Byrne acknowledges that some of the errors flagged in the analysis could be unintentional. Other researchers note that it is also possible some errors will have little effect on the overall conclusions of a paper. Some told Nature that one or two nucleotide changes to a sequence needn’t render a reagent completely dysfunctional — under certain conditions, it might still work with a commonly used laboratory technique such as the polymerase chain reaction (PCR).
Bernd Pulverer, head of scientific publications at the European Molecular Biology Organization in Heidelberg, Germany, says that, regardless of the errors’ origins, their presence in the published literature is a problem. “Mistakes are damaging, because people cannot rely on these papers to base future research on,” he says.
Byrne and her team say that the nature of many of the errors makes them seem suspicious. They found that some of the reagents that purported to target human genes or genomic sequences had no identifiable targets in the human genome, and that some targeted sequences in other species, such as rodents, plants and fungi.
Autocorrect errors in Excel still creating genomics headache
“It’s definitely very concerning that they don‘t have a perfect match to the intended target,” Vandesompele says. He adds that although researchers might be able to amplify sequences with PCR using reagents that have one or two errors, such mistakes could compromise the reagents’ selectivity or specificity, and that “it’s just common sense” not to design a reagent with mismatches.

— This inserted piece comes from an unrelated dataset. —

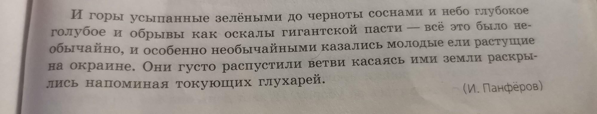 [И горы__ , /усыпанные зелёными до черноты соснами/~~, и небо__ , глубокое~~, голубое~~, и обрывы__ , /как оскалы гигантской пасти/_._._ , - всё__ это~~ было== необычайно== ] , и [особенно_._._ необычайными== казались== молодые ели__ , /растущие на окраине/~~].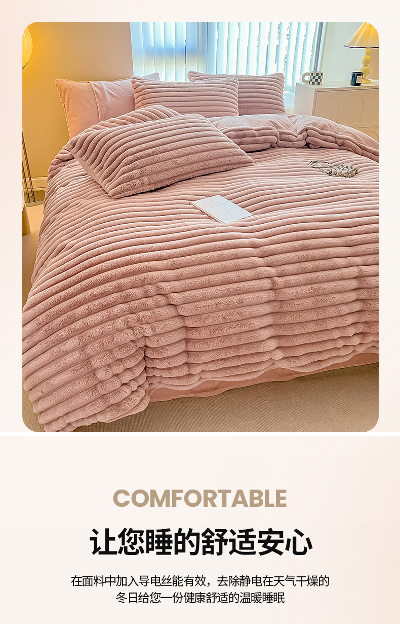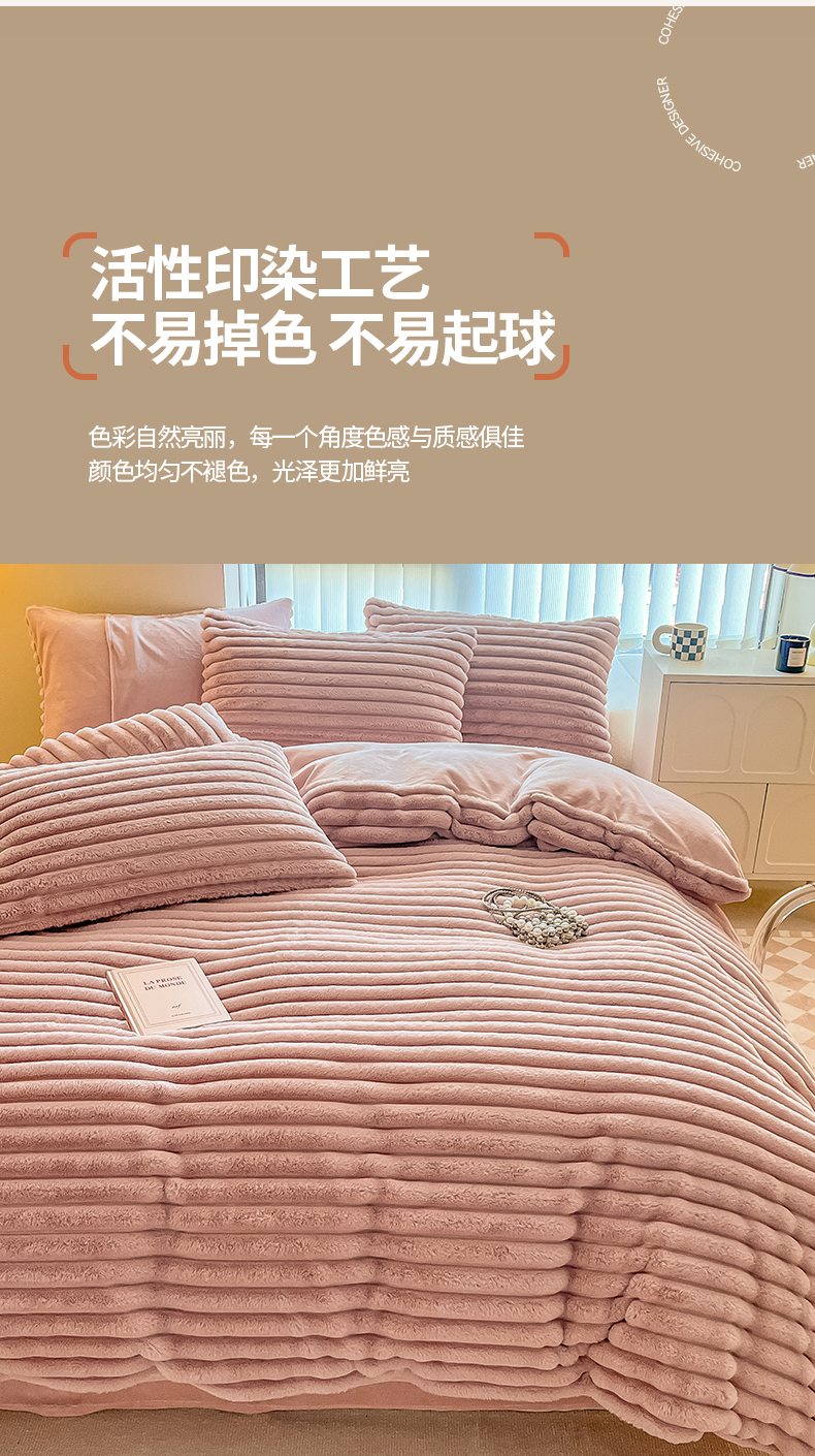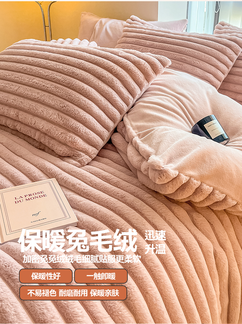 当前位置: 91家纺网 > 商品网购 > 床品套件 > 四件套 > 兔毛绒四件套 > 慕尚家纺 2025新款抽条兔毛四件套 安雅-豆沙

Another factor to consider, Byrne says, is that around one-third of the Molecular Cancer papers and around one-quarter of the Oncogene papers identified as having errors have also been flagged on the post-publication peer-review platform PubPeer, mostly for separate, image-integrity issues.

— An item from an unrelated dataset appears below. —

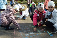 Сегодня в школе прошел конкурс рисунков на асфальте на тему "Мой любимый город" среди 1 классов.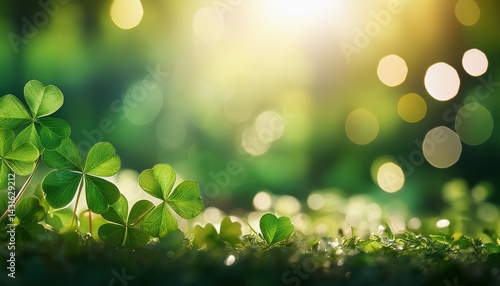 st patrick s day celebration banner with shamrocks and green clovers on blurred background

“The editors-in-chief of both journals, and Springer Nature, agree with Professor Byrne that ensuring the integrity of the publication record is of the utmost importance, and we take concerns raised regarding the papers published in our journals very seriously,” says Chris Graf, research-integrity director at Springer Nature. “We requested details of these concerns, so that we could investigate them and act where appropriate, over a year ago, but they have only just been made available. Now that we do have them, we are able to start a full investigation.” He adds that, “If concerns prove to be well founded, we will take action.”
Graf says that two Molecular Cancer papers flagged in the 2021 analysis have been investigated, and although one was corrected after typographical errors in two reagent sequences were verified, the ‘errors’ flagged in the second paper turned out to match the intended gene and species. Byrne asserts that they remain incorrect.